Another nice work by Akwala, can't wait to see more than just this few from him. This poem is a standard three stanza work, from where I'm reading it, the subjects of each stanza seem to touch on inherent aspects of who we are as human beings. The components of ourselves. For example...
The first stanza deals with physicality, the Id as Freud would call it...arms, to hands to fingertips, implies to me a sense of distance, where the will to physically contact someone or something only holds valid by doing it in a sense "by proxy", moving the arms, to control the hands to the fingers. Notice how they "keep time at a distance", or rather those physical moments adhere to basic temporeality, we cannot touch as a spirit and so, through this physicality, these bags of flesh we can EMULATE connection. Then finally the consequence, this lack of connection emptying the emotional core of the person "the heart" no longer carries the hope of connection, and with the next line, that connection is sublimated elsewhere...where? Is it in some other aspect of the self? In some external escape such as drugs?
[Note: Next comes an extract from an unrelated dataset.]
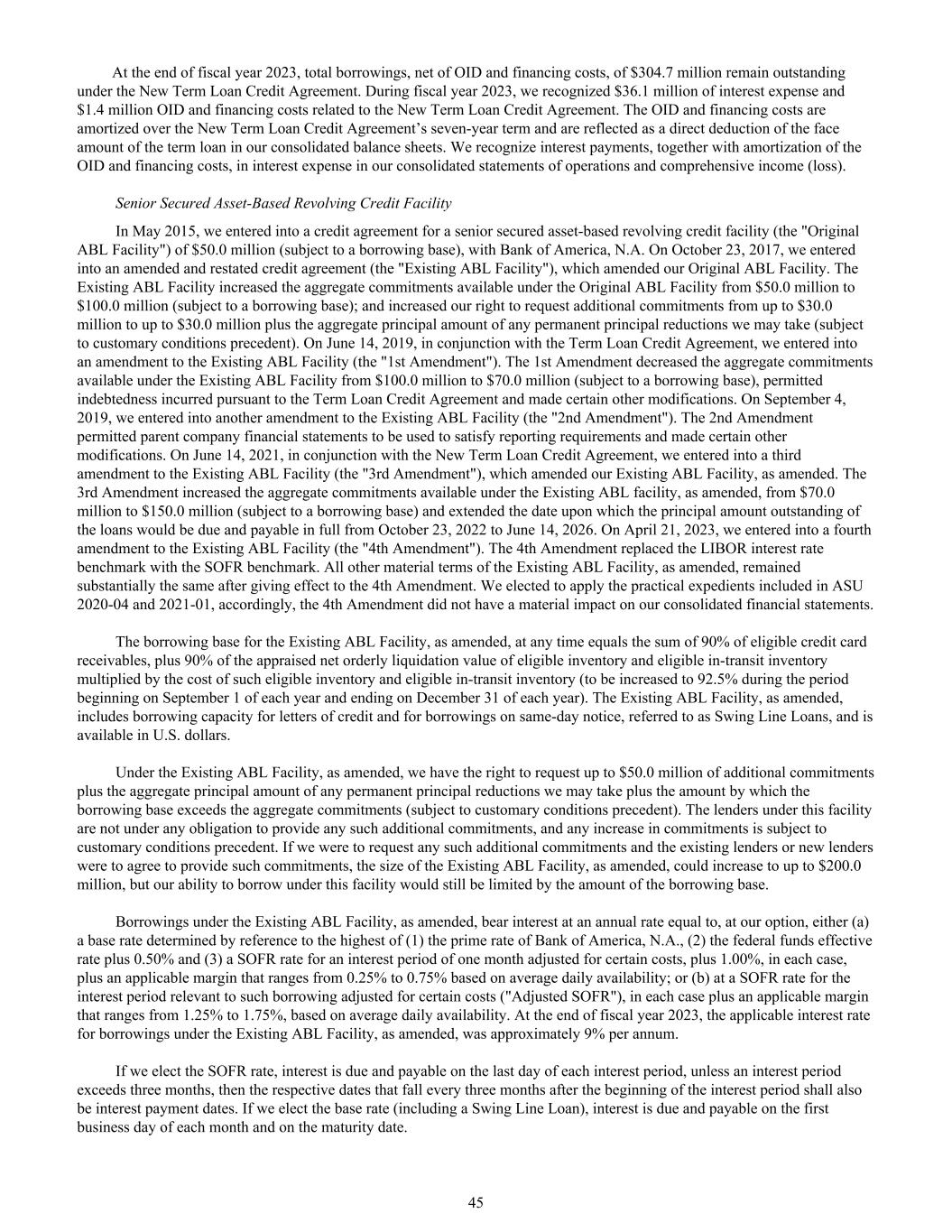 截至2023财年年底,根据新的定期贷款信贷协议,未偿还的借款总额(扣除OID和融资成本)为3.047亿美元。在2023财年,我们确认了3610万美元的利息支出以及140万美元的OID和与新定期贷款信贷协议相关的融资成本。OID和融资成本在新的定期贷款信贷协议的七年期限内摊销,并在我们的综合资产负债表中反映为直接扣除定期贷款的面值。我们在我们的综合经营报表和综合收益(亏损)中将利息支付以及OID和融资成本的摊销确认为利息费用。2015年5月,我们与美国银行(Bank of America,N.A.)就5000万美元(取决于借款基础)的高级担保资产基础循环信贷融资(“原始ABL融资”)签订了信贷协议。2017年10月23日,我们与美国银行(Bank of America,N.A.)签订了经修订和重述的信贷协议(“现有ABL融资”),该协议对我们的原始ABL融资进行了修订。现有ABL融资将原始ABL融资下可用的承付款总额从5000万美元增加到1亿美元(取决于借款基础);并将我们要求追加承付款的权利从最多3000万美元增加到最多3000万美元,外加我们可能采取的任何永久性本金削减的本金总额(取决于惯例先决条件)。于2019年6月14日,连同定期贷款信贷协议,我们订立了对现有ABL融资的修订(“第1次修订”)。第1修正案将现有ABL融资下可用的承付款总额从1亿美元降至7000万美元(取决于借款基础),允许根据定期贷款信贷协议产生的债务,并进行了某些其他修改。于2019年9月4日,我们订立另一项对现有ABL融资的修订(「第2次修订」)。第二修正案允许使用母公司财务报表来满足报告要求,并进行了某些其他修改。2021年6月14日,结合新的定期贷款信贷协议,我们对现有ABL融资进行了第三次修订(“第三次修订”),修订了经修订的现有ABL融资。第3次修正将经修正的现有ABL贷款下的可用承诺总额从7000万美元增加到1.50亿美元(取决于借款基础),并将未偿还贷款本金到期并全额支付的日期从2022年10月23日延长至2026年6月14日。2023年4月21日,我们对现有ABL融资进行了第四次修订(“第四次修订”)。第四修正案以SOFR基准取代LIBOR利率基准。经修订的现有ABL融资的所有其他重要条款在第4次修订生效后基本保持不变。我们选择应用ASU 2020-04和2021-01中包含的实务变通,因此,第4次修订对我们的合并财务报表没有重大影响。经修订的现有ABL融资的借款基数在任何时候等于符合条件的信用卡应收账款的90%的总和,加上符合条件的库存和符合条件的在途库存的评估净有序清算价值的90%乘以该等符合条件的库存和符合条件的在途库存的成本(在每年9月1日开始至每年12月31日结束的期间增加至92.5%)。经修订的现有ABL贷款包括信用证和同日通知借款的借款能力,称为周转额度贷款,以美元提供。根据经修订的现有ABL融资,我们有权要求最多5000万美元的额外承诺加上我们可能采取的任何永久性本金削减的本金总额加上借款基础超过承诺总额的金额(根据惯例先决条件)。该融资下的贷方没有任何义务提供任何此类额外承诺,任何增加的承诺均受惯例先决条件的约束。如果我们要求任何此类额外承诺,而现有贷方或新贷方同意提供此类承诺,经修订的现有ABL融资规模可能会增加至多2亿美元,但我们在该融资下借款的能力仍将受到借款基础金额的限制。经修订的现有ABL贷款下的借款按年利率计息,我们可以选择(a)参考美国银行最优惠利率(1)中的最高者确定的基准利率, 不适用,(2)联邦基金有效利率加0.50%和(3)一个月的利息期SOFR利率,按某些成本调整,在每种情况下加1.00%,加上基于平均每日可用性的范围为0.25%至0.75%的适用保证金;或(b)按针对某些成本调整的此类借款相关利息期的SOFR利率(“调整后SOFR”),在每种情况下加上基于平均每日可用性的范围为1.25%至1.75%的适用保证金。截至2023财年末,经修订的现有ABL融资下借款的适用利率约为每年9%。如果我们选择SOFR利率,利息在每个利息期的最后一天到期支付,除非一个利息期超过三个月,那么在利息期开始后每三个月下降的相应日期也应是付息日。如果我们选择基准利率(包括周转额度贷款),利息在每个月的第一个工作日和到期日到期支付。45

He leaves these questions abiguous.
The second is, for lack of a better term, the ego, the intellect or logic, with the loss of that connection that temporeality I mentioned before falls by the wayside..."nights don't fall so easily", they must be WILLED in other words, willed by what? The dust offers a clue, a fallacious sunset created by the dust of our malignancy we send up in the fear of isolation. And ultimately, the reality, when the dust settles...the light flees as the shimmering silver of the wondrous la luna
Lastly we have the Superego...the pure feeling. Holding wishes in this perpetual twilight, the recognition of the lack of power will has over change on such a level as sunrise and moonrise remain "unwashed", "unclean", unresolved ultimately. Still, hope if offered, the wonderment of the rain bleeding such blame from the subject...blood for an inkwell which, in the last line, is mentioned as unwritten, the hopes and dreams that will never see the written page.
This is a beauiful work, the general concept I've seen before, but the impact of it, and the way in which you convey it more than makes up for it. Awesome job.
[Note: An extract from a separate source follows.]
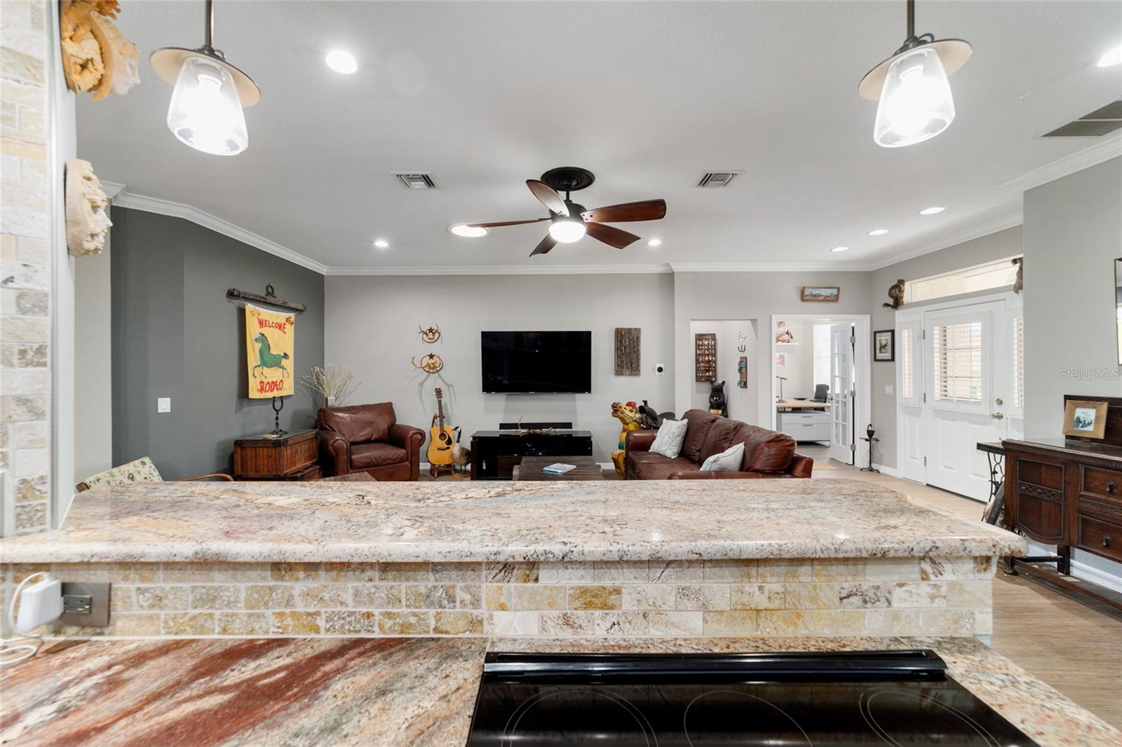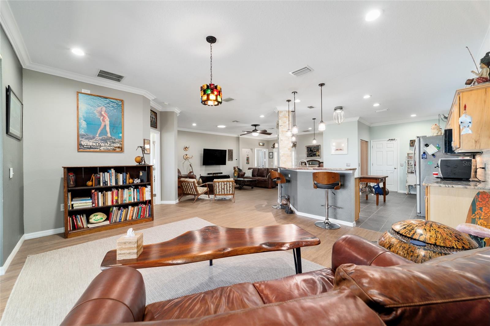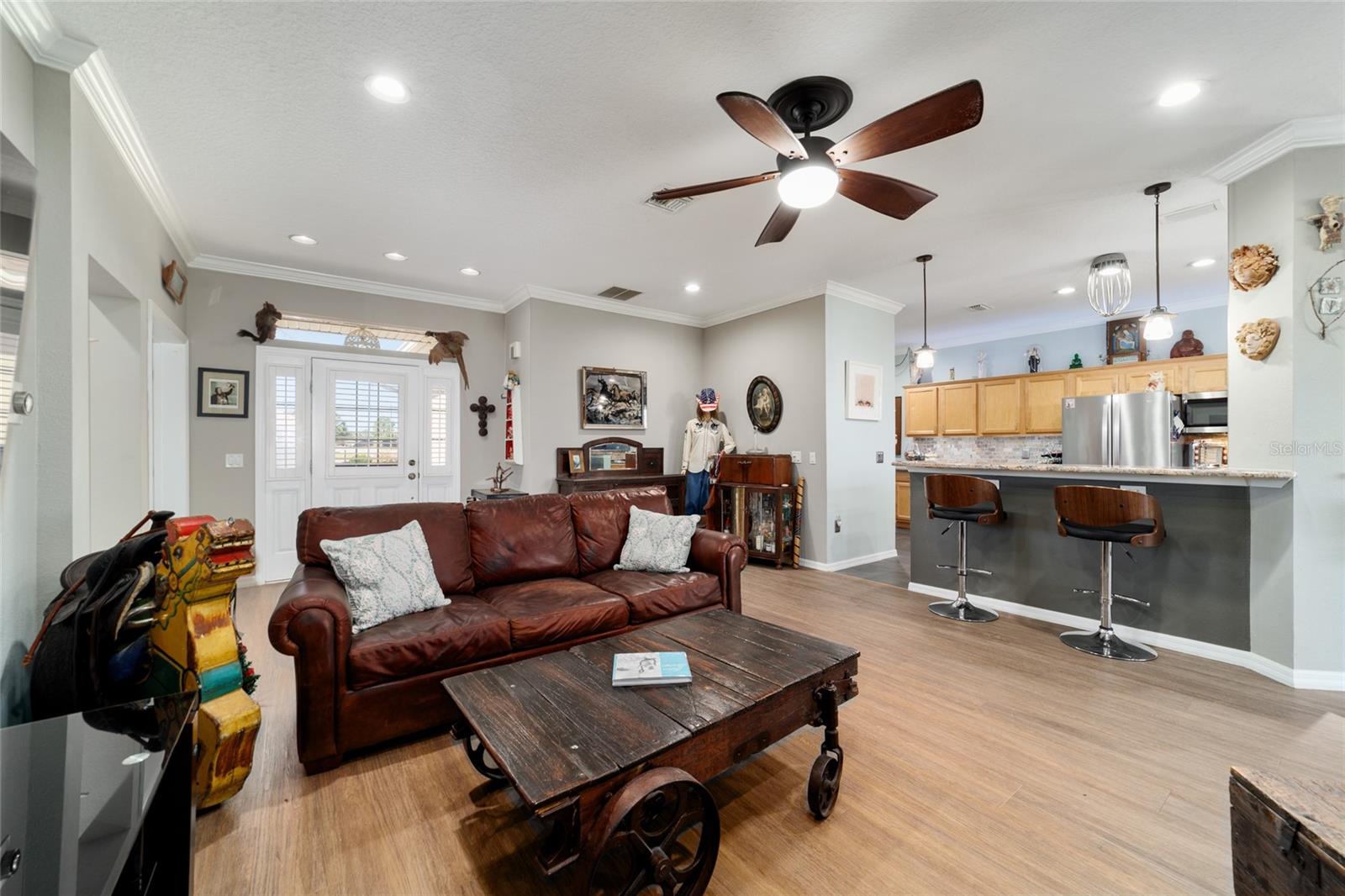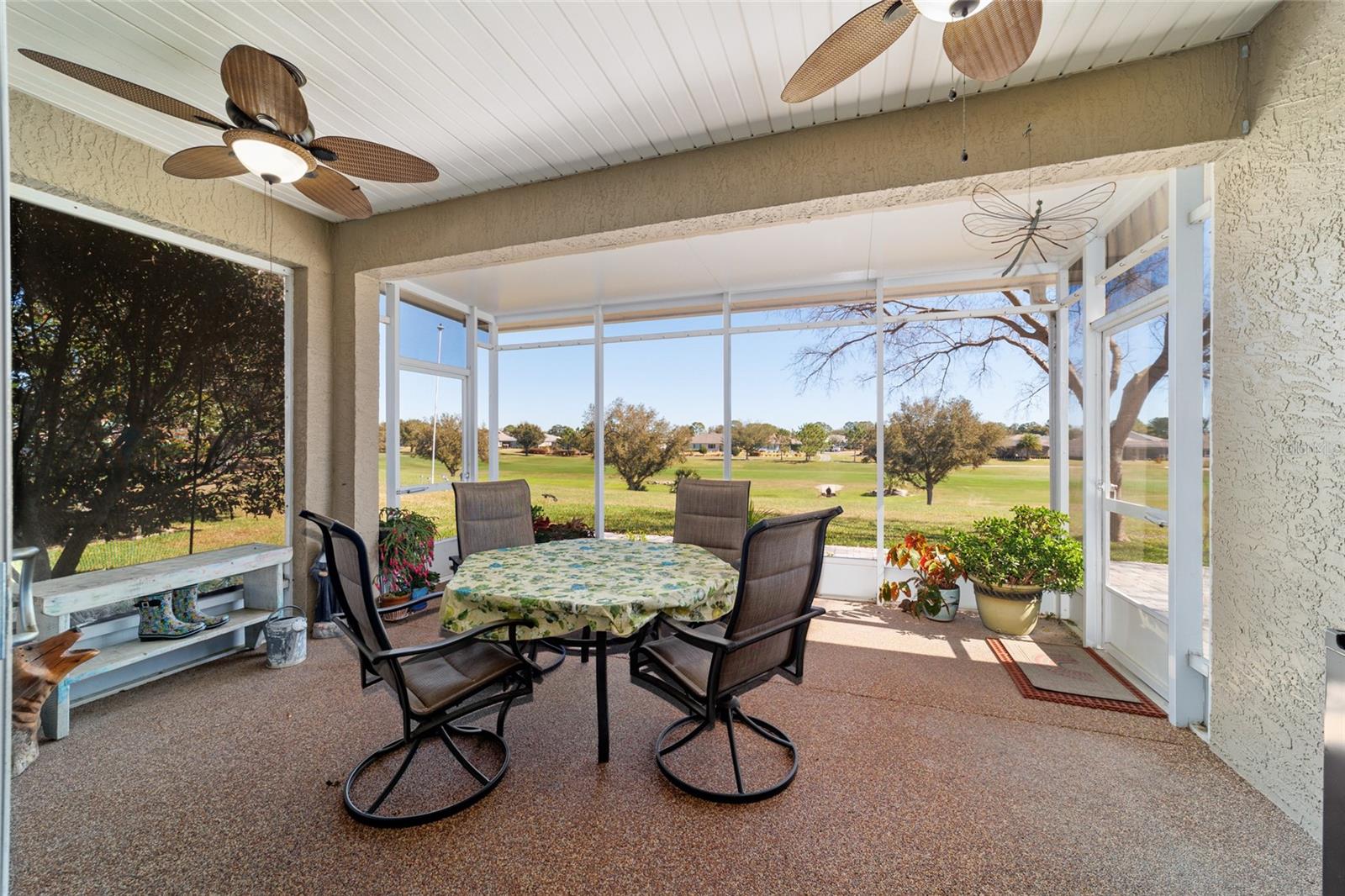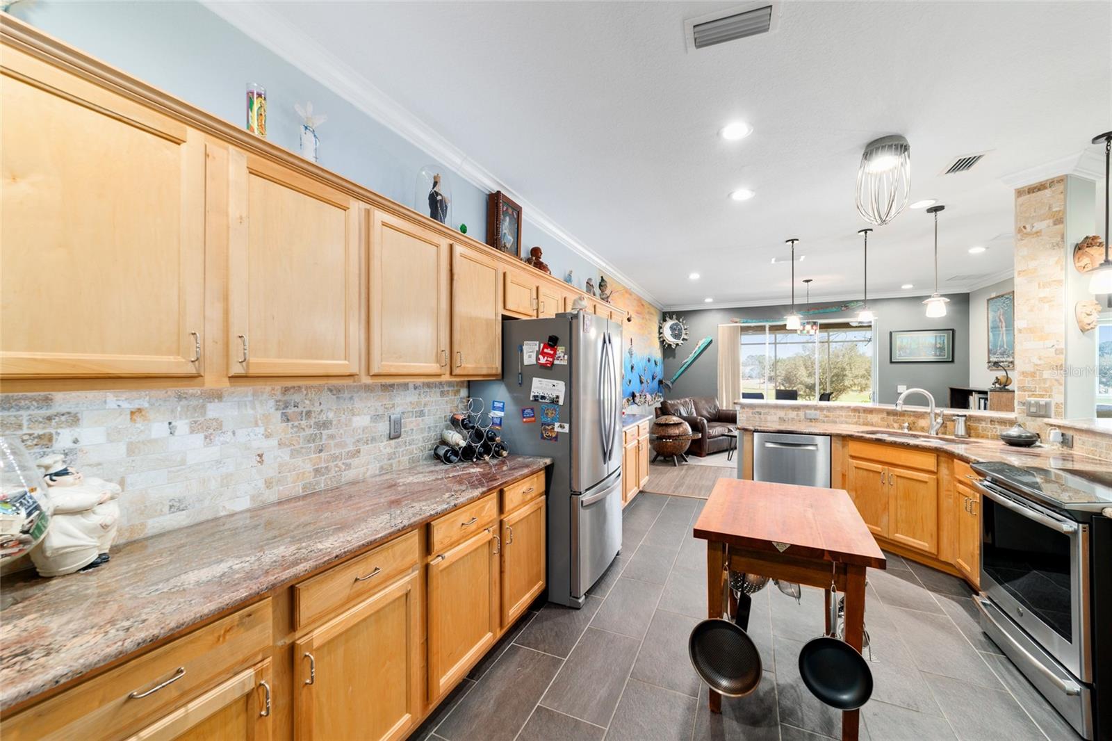 Campo de golfe: Este Kingston personalizado não deve ser desperdiçado! Este conceito aberto de 2 quartos, 2 banheiros, a casa tem uma sala flexível e foi remodelada e apresenta pisos de vinil de luxo e molduras de coroa por toda parte. A parede entre a cozinha e o espaço foi aberta para mostrar uma linda cozinha com armários atualizados, balcões de granito, utensílios de aço inoxidável mais recentes, incluindo fogão de indução, iluminação excessiva e undercabinet e um traseiro de pedra travertino. O espaçoso quarto primário possui um armário de grandes dimensões com organizador de armário de contêineres personalizado e embutido em segurança. Desfrute de vistas da tartaruga e do 9º fairway da lebre do lanai estendido ou do pátio, que tem uma fantástica exposição oriental. Muitas atualizações tornam esta casa realmente especial, incluindo o sistema de filtragem de água da House Aquasana com iluminação UV. Esta casa foi cuidadosamente mantida e se aproximam da chave (opcional) e também inclui um crédito de telhado de US $ 11.500 para tranquilidade. Esta casa está convenientemente localizada em Avalon, no topo do mundo, a principal comunidade de campo de golfe de mais de 55 anos de Ocala com acesso a carrinho de golfe a compras, entretenimento, bancos, restaurantes, saúde e beleza.

You've taken the poem into a much larger dimension than I envisioned, and I love it!
I wrote this some years ago and it was the distillation of some personal stuff, so it was very much inward looking. It's heartening that, despite that, you saw somewhat universal relevance in it. You've just proved what you said earlier re learning about one's work from others' readings of it.
Any time, really, for me I write for myself...it's a special treat when someone comes up with an idea on it I'd never have guessed at...truth is, what is personal is almost always something someone else has been through, so in a sense the personal IS the universal which is why I think such poems are so universally accessible...thank-you for posting it.
--
Andrew Hussey
"For a sorcerer, reality, or the world we all know, is only a description that has been pounded into you from the moment you were born."
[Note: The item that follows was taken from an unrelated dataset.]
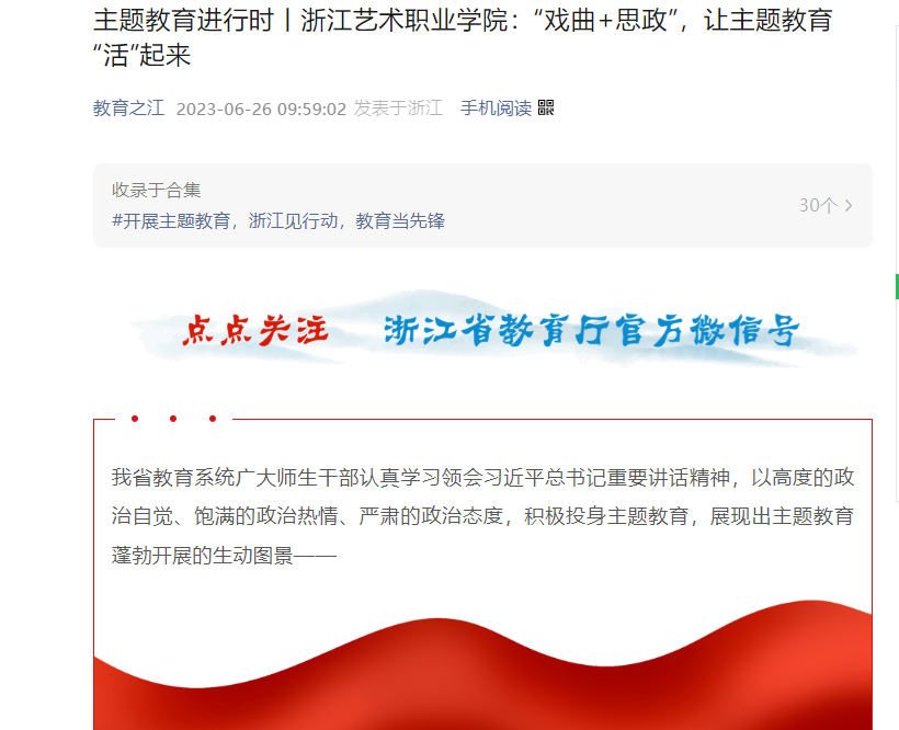 教育之江:主题教育进行时丨浙江艺术职业学院:“戏曲+思政”,让主题教育“活”起来

The first stanza deals with physicality, the Id as Freud would call it...arms, to hands to fingertips, implies to me a sense of distance, where the will to physically contact someone or something only holds valid by doing it in a sense "by proxy", moving the arms, to control the hands to the fingers. Notice how they "keep time at a distance", or rather those physical moments adhere to basic temporeality, we cannot touch as a spirit and so, through this physicality, these bags of flesh we can EMULATE connection. Then finally the consequence, this lack of connection emptying the emotional core of the person "the heart" no longer carries the hope of connection, and with the next line, that connection is sublimated elsewhere...where? Is it in some other aspect of the self? In some external escape such as drugs? He leaves these questions abiguous.
The second is, for lack of a better term, the ego, the intellect or logic, with the loss of that connection that temporeality I mentioned before falls by the wayside..."nights don't fall so easily", they must be WILLED in other words, willed by what? The dust offers a clue, a fallacious sunset created by the dust of our malignancy we send up in the fear of isolation. And ultimately, the reality, when the dust settles...the light flees as the shimmering silver of the wondrous la luna
Lastly we have the Superego...the pure feeling. Holding wishes in this perpetual twilight, the recognition of the lack of power will has over change on such a level as sunrise and moonrise remain "unwashed", "unclean", unresolved ultimately. Still, hope if offered, the wonderment of the rain bleeding such blame from the subject...blood for an inkwell which, in the last line, is mentioned as unwritten, the hopes and dreams that will never see the written page.
This is a beauiful work, the general concept I've seen before, but the impact of it, and the way in which you convey it more than makes up for it. Awesome job.